Мне было в чём каяться. Отношения с женой и дочерью, с которыми не живу уже несколько лет. Новая любовь. Безуспешные попытки воцерковиться. Заказы на левую рекламу в газете. Ежевечерние редакционные пьянки. Да много ещё чего. Я журналист и живу в смутные времена. Я человек.
Была не была!
Подойдя поближе к батюшке, я начал рассказывать, но он прервал меня в самом начале.
– Всё знаю. Вставай на колени.
Почти помимо воли я преклонил колена и ощутил на голове лёгкое бремя епитрахили.
– Господь и Бог наш, Иисус Христос, благодатию и щедротами Своего человеколюбия да простит ти чадо Евгения, и аз недостойный иерей Его властию мне данною прощаю и разрешаю тя от всех грехов твоих, во Имя Отца и Сына, и Святаго Духа. Аминь.
Слушая знакомые слова разрешительной молитвы и почти физически чувствуя, как бремя грехов покидает душу, я всё думал, думал: "Неужели и правда знает? Откуда?.." Я был в опасном состоянии доверчивого недоверия. Для моей работы это катастрофа. Но сейчас я не работал.
Когда пришло время освящения Даров, отец Силуан благоговейно снял клобук. Несмотря на святость действия, я невольно вздрогнул – голова настоятеля была повязана плотной чёрной повязкой. Неужели он служит с повреждённой головой? Ведь кровоточивым нельзя… Впрочем, никакого кровавого пятна по повязке не расплывалось. Мало ли что у него там…
Когда я подходил к причастию, позади опять защёлкала камера. Батюшка этого как будто не заметил.
После завтрака – горячий хлеб с прошлогодним черничным вареньем и травяной чай – начался долгий, жаркий и исполненный трудов день. Монастырское хозяйство было небольшим, но для двух человек работы более чем достаточно. Две лошади, требующие сена, огород, грибы-ягоды в лесу, рыба в озере – всё надо заготавливать, иначе зимой зубы на полку. Да маленькая хлебопекарня. Да восстановление храма. И много-много всего.
Я всё время старался оказаться рядом со старцем. Интервью он мне, конечно, даст, но очень полезно видеть его в привычной обстановке, понаблюдать, может быть, услышать пару интересных фраз. Но настоятель словно бы читал мои мысли и всё время отсылал от себя подальше – благословлял то строить поленницу, то помочь отцу Пахомию в пекарне, то набрать в лесу крупной сладкой земляники к вечере.
Придя из леса с полным лукошком, я случайно подсмотрел поразительную картину. Сашка, который весь день крутился у всех под ногами, то и дело щёлкая камерой, видимо, совсем раскис.

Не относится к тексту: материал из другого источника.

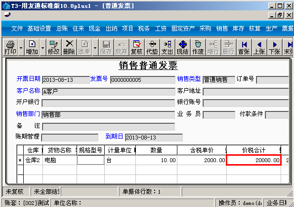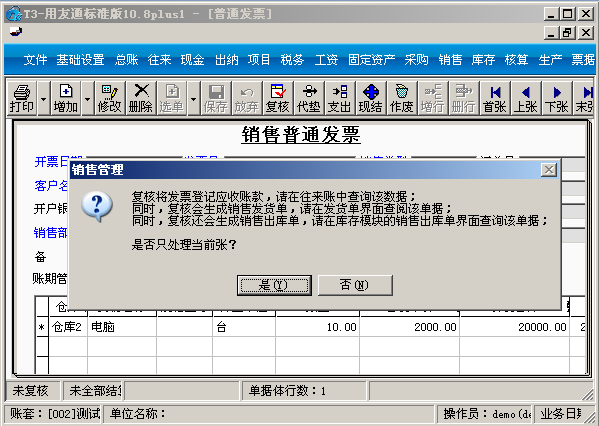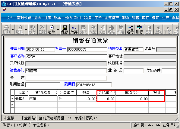 (3)填制一张销售普通发票,选择仓库和设置了存货价格的存货电脑之后再选择客户:
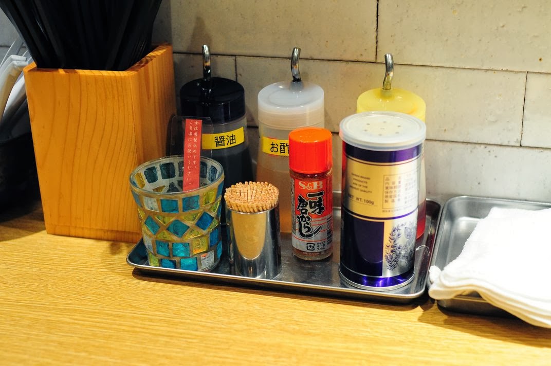 | ▲桌上醬料,還有橡皮筋給女生綁頭髮用。 |

Во всяком случае я знал, что морфин он себе колет в самом крайнем случае. Наверное, тот как раз настал. Метастазы уже пошли парню в ноги, и боли, надо думать, были страшными. Серый Саша сидел на бревне, дрожащей рукой пытаясь попасть в вену. Неведомо откуда чёрным вороном возник отец Силуан – закатное солнце на миг заслонила его развевающаяся ряса. Он молча взял шприц, сказал Саше что-то, легко и быстро коснулся рукой его головы. Сашка как сидел, так и остался, а настоятель исчез, унося наркотик с собой.
– Как ты? – спросил я, подойдя к фотографу.
Тот поднял на меня глаза. Они были какими-то удивительными – не мутными, не бессмысленными, наоборот, ясными. Слишком ясными.
– Нормально, – ответил он со странным спокойствием, встал и быстро ушёл.
Я только пожал плечами. Если отец Силуан и манипулятор, то его способности в этой области уникальны. Уже это оправдывало мой приезд сюда.
После всенощной настоятель позвал нас в трапезную, вернее, за длинный стол с самодельными лавками на задах храма, где монахи по тёплому времени вкушали плоды земные. После длительного благословения, возглашённого старцем, отцы к трапезе не приступили, хотя на столе уже стояли щавелевые щи, свежевыловленная жареная плотва, зелень с огорода и собранная мной земляника. Горела керосиновая лампа.
– Достоин еси Господи прияти славу и честь и силу, яко Ты еси создал всяческая и волею Твоею суть сотворена, – тихо запел Пахомий.
Настоятель взял початую бутыль церковного кагора, который здесь берегли, словно драгоценность, плеснул чуть-чуть в круглую пиалу, долил тёплой ключевой водой и стал читать греческие молитвы. Сашка изо всех сил таращил глаза и, думаю, жалел, что не взял камеру. Сам я был удивлён побольше его – знал, что происходит необычное.
Это была настоящая агапа, "вечеря любви", литургия первохристиан. Я слышал, что кое-где по приходам этот обычай возрождается и что отношение к этому в Церкви настороженное.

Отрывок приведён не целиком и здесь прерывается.